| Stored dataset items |
****************************************
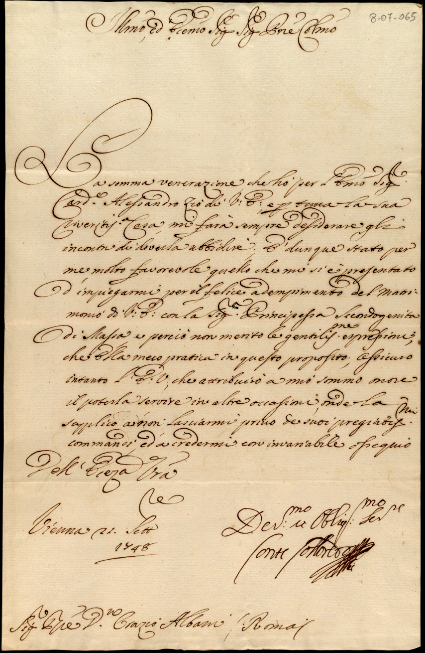 Lettere ricevute in Urbino dal signor Principe Don Orazio Albani ultimo di questo nome nell'anno 1748
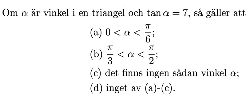 tan x är positiv i första och tredje kvadranten eftersom vinklar större än 90 grader inte finns bland alternativen då är vi i första kvadranten men då skulle både a och b kunna stämma eftersom blir positiv där också (koordinaterna är positiva). Mitt svar hade varit som inte är med och därför valde jag alternativ d som är fel enligt facit men jag förstår inte varför.
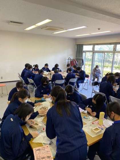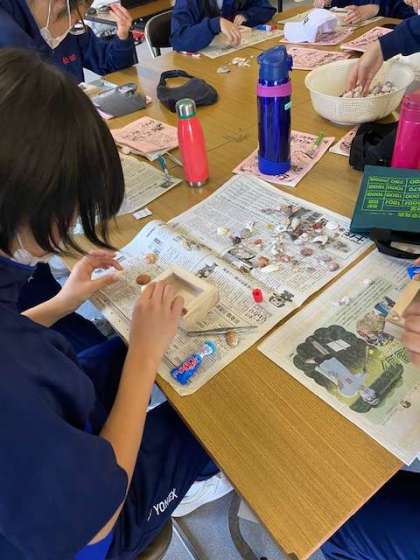 フォトプレート、小物入れに貝殻をボンドで飾りつけ。
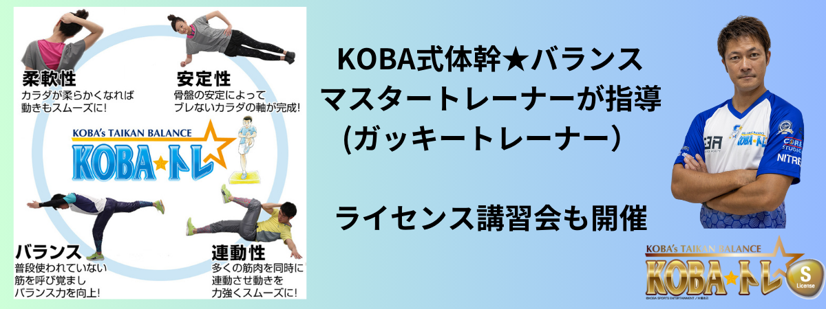 | 設備 | KOBAトレトレーニンググッズ、TRXサスペンション、FLOWIN、バランスボール |
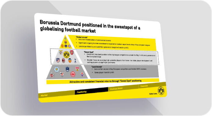 Borussia Dortmund positioned in the sweetspot of a globalising football market “Global brands” ▪ Focus on monetisation of commercial brands ▪ Significant ongoing transfer investments required to maintain squad level at top of key European leagues ▪ Limited profitability and cash flow generation (negative transfer profit) “Sweet Spot” ▪ Dominant / incubent position in the top league competitions outside the ‘Big 5‘ with yearly presence on the European stage ▪ Greater focus on sourcing high-potential players from lower-tier clubs, player development and selling players at significant premiums “Local brands” ▪ Less certain access to key European competitors and limited UEFA revenues ▪ Some player transfer profit Attractive and consistent financial returns through “Sweet Spot“ positioning
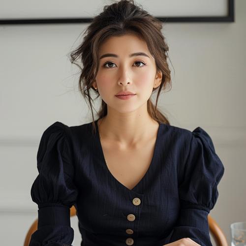 a korean woman wearing a large white bird skull mask, in the style of pop inspo, neil gaiman, Modern clothing in muted colors, dark beige and black, irving penn, animal figurines, tenebrism-inspired, avian-themed, Flat black background without decoration --ar 2:3 --style raw --stylize 750 --v 6.0
****************************************
| WHAT THE EXERCISE ASKS |
Repeat each of the records exactly as written, except for the pictures, which are to be left out.

| ANSWER SECTION |
 Lettere ricevute in Urbino dal signor Principe Don Orazio Albani ultimo di questo nome nell'anno 1748
 tan x är positiv i första och tredje kvadranten eftersom vinklar större än 90 grader inte finns bland alternativen då är vi i första kvadranten men då skulle både a och b kunna stämma eftersom blir positiv där också (koordinaterna är positiva). Mitt svar hade varit som inte är med och därför valde jag alternativ d som är fel enligt facit men jag förstår inte varför.
 フォトプレート、小物入れに貝殻をボンドで飾りつけ。
 | 設備 | KOBAトレトレーニンググッズ、TRXサスペンション、FLOWIN、バランスボール |
 Borussia Dortmund positioned in the sweetspot of a globalising football market “Global brands” ▪ Focus on monetisation of commercial brands ▪ Significant ongoing transfer investments required to maintain squad level at top of key European leagues ▪ Limited profitability and cash flow generation (negative transfer profit) “Sweet Spot” ▪ Dominant / incubent position in the top league competitions outside the ‘Big 5‘ with yearly presence on the European stage ▪ Greater focus on sourcing high-potential players from lower-tier clubs, player development and selling players at significant premiums “Local brands” ▪ Less certain access to key European competitors and limited UEFA revenues ▪ Some player transfer profit Attractive and consistent financial returns through “Sweet Spot“ positioning
 a korean woman wearing a large white bird skull mask, in the style of pop inspo, neil gaiman, Modern clothing in muted colors, dark beige and black, irving penn, animal figurines, tenebrism-inspired, avian-themed, Flat black background without decoration --ar 2:3 --style raw --stylize 750 --v 6.0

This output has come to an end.